▶ [Work required] The lines from the top of the material through the line with "A vibrant mixed-media" are to be set down exactly. Leave the pictures out.

▶ [Source data]
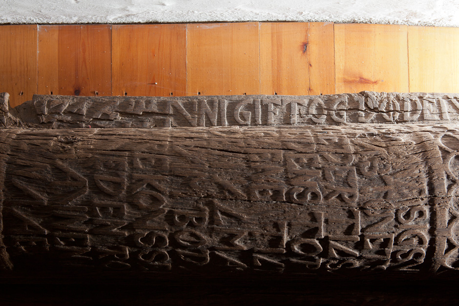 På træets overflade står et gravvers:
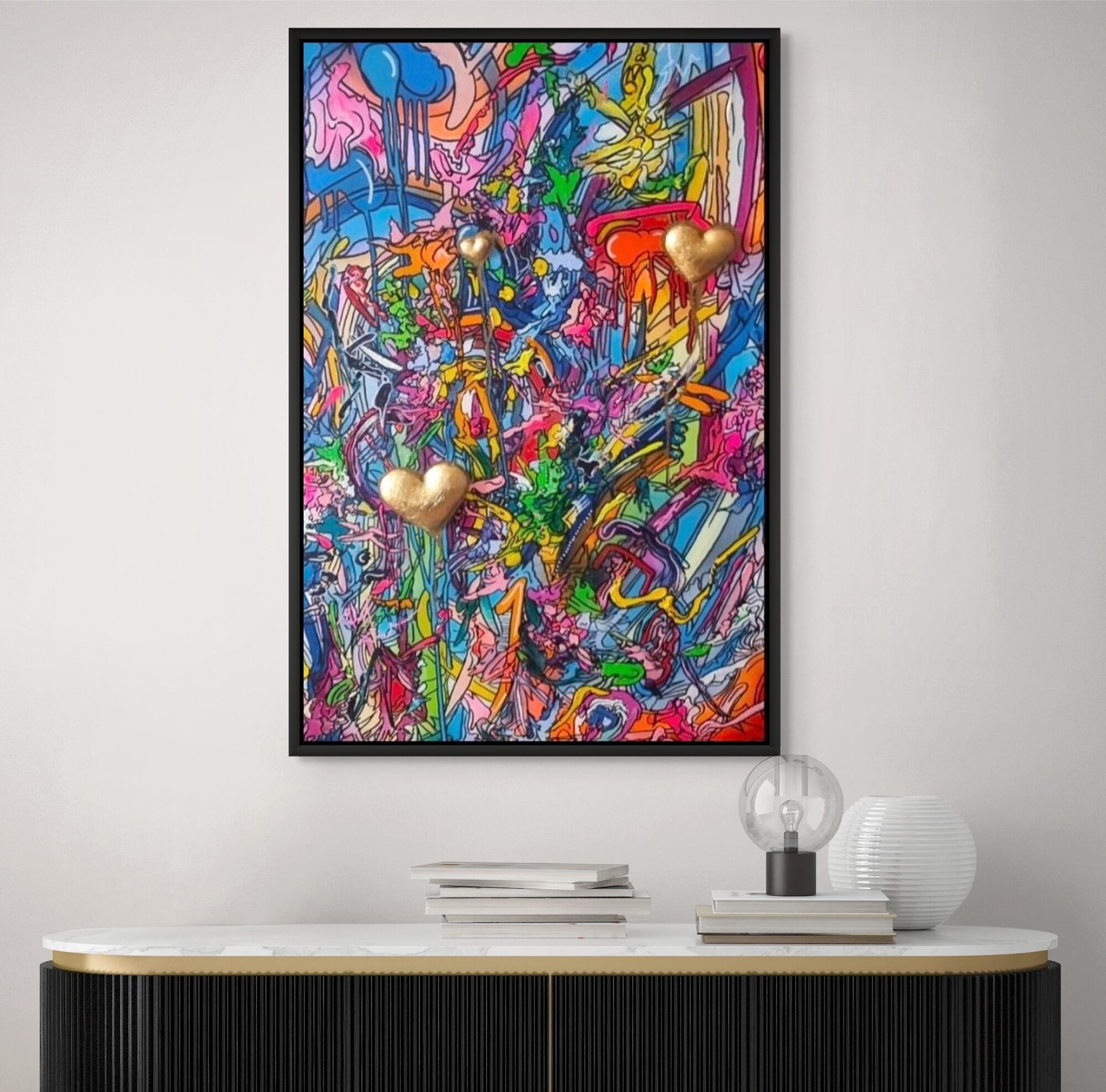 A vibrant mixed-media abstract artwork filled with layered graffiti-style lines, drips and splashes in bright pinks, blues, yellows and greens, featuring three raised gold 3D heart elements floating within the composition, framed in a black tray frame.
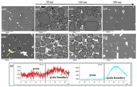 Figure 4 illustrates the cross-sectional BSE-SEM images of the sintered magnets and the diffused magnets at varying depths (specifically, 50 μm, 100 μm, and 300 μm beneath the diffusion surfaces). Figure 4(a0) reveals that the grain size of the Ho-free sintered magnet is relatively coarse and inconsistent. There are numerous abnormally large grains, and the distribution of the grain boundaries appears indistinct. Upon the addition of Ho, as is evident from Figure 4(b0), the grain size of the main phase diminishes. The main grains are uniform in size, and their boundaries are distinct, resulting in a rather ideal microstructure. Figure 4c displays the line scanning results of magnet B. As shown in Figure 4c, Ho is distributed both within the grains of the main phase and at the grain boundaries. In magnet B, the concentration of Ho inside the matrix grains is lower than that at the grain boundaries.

▶ [Solution]
 På træets overflade står et gravvers:
 A vibrant mixed-media abstract artwork filled with layered graffiti-style lines, drips and splashes in bright pinks, blues, yellows and greens, featuring three raised gold 3D heart elements floating within the composition, framed in a black tray frame.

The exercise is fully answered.